Stella Diana, “57”: recensione e streaming
Tornano i veterani dello shoegaze italiano Stella Diana: è uscito il nuovo 57, su Vipchoyo Sound Factory (IT) e Siete Senoritas Gritando (ES).
Si tratta del successore di Nitocris (2016), disco che aveva ispirato recensioni entusiastiche. Con cinque album all’attivo, sono una delle band più rispettate nella scena shoegaze mondiale, grazie al loro finissimo songwriting, unito a parti ritmiche ipnotiche e maestose stratificazioni di chitarre.
Band cardine del c.d. movimento Italogaze, che include tra gli altri Clustersun, Rev Rev Rev, In Her Eye, Electric Floor e Novanta, sono riusciti a costruirsi una fanbase internazionale di tutto rispetto pur avendo cantato esclusivamente in italiano fino al 2015 e, mentre continuano a esplorare nuove frontiere soniche, il loro stile rimane immediatamente riconoscibile.
Stella Diana traccia per traccia
Lurine Rae apre il disco con una prima, e presumibilmente non l’ultima, cavalcata elettrica, sorretta da un drumming impetuoso cui fa contrasto la voce, sfumata, eterea e quasi distante.
Si prosegue con Naos, anche qui con un drumming regolare e d’impatto, ma con modi più sfuggenti. Iris parte dal basso, preferisce discorsi meno magniloquenti e più minimal, anche se l’esplosione è dietro l’angolo, e infatti arriva.
Harrison Ford si fa spazio tra sensazioni dark wave, per fare emergere una struttura compatta e questa volta del tutto omogenea. Ludwig invece declina per situazioni oscure e malinconiche.
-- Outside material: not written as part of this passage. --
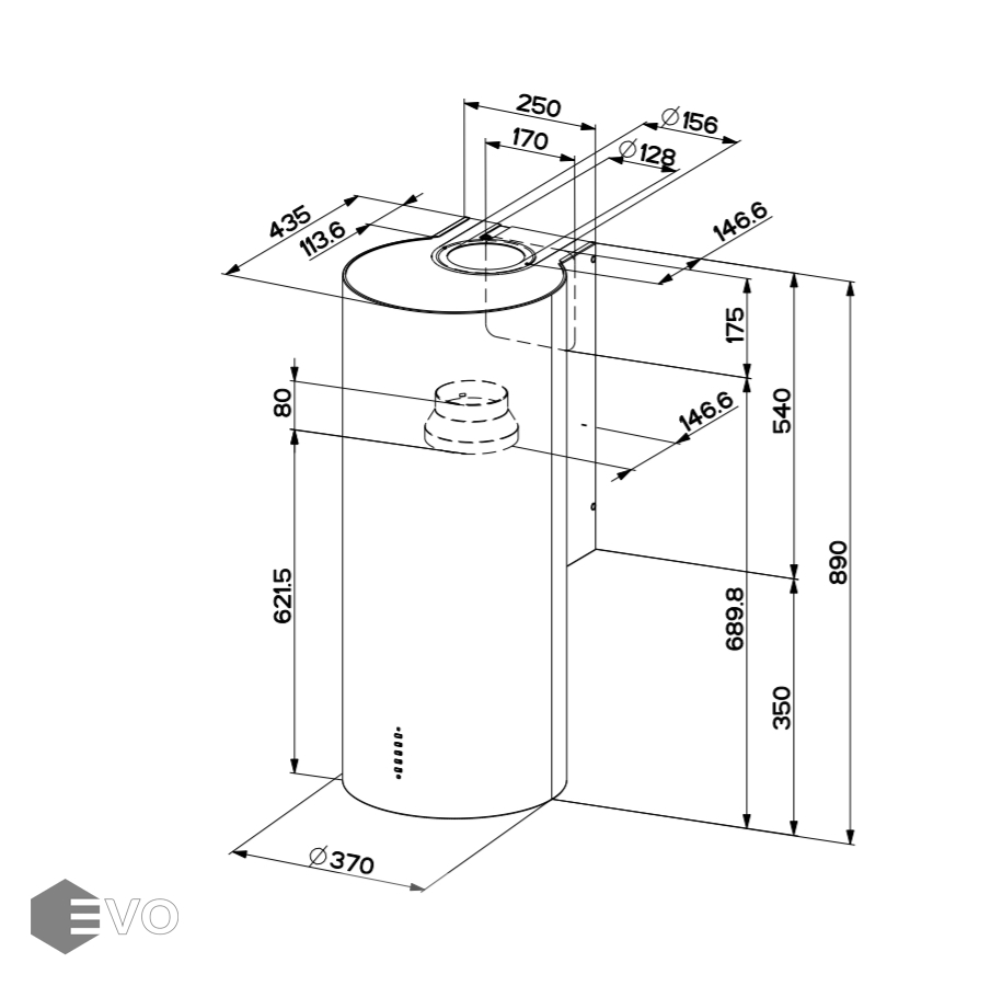 - Тип вытяжки: цилиндрическая пристенная

Elaine procede con modi anche più lirici, mentre il drumming distribuisce colpi isolati ma significativi. Con un titolo che fa evidente riferimento al mondo di Philip K. Dick e alla fantascienza che ha dato origine a Blade Runner, Do Androids… si configura come la più “cosmica” delle tracce del disco, pur rimanendo ancorata a battiti molto terreni e oscuri.
Mrs. Darling riprende colore, calma un po’ le acque, almeno finché non arriva il momento di agitarle ancora. Con Der Sandmann siamo un po’ più là nella storia della fantascienza, con E.T.A. Hoffmann per la precisione: l’uomo della sabbia qui getta fumo negli occhi e una carica elettrica a basso voltaggio che cresce piano, basata sulle sensazioni della sezione ritmica.
Senza soluzione di continuità né di ritmo si passa così alla conclusiva Lost Children, in cui risentimenti e sensazioni sono rimescolati.
Una conferma di esperienza e di classe per gli Stella Diana, capaci anche in questo disco di portare un tocco di internazionalità e di personalità in più rispetto al flusso italogaze.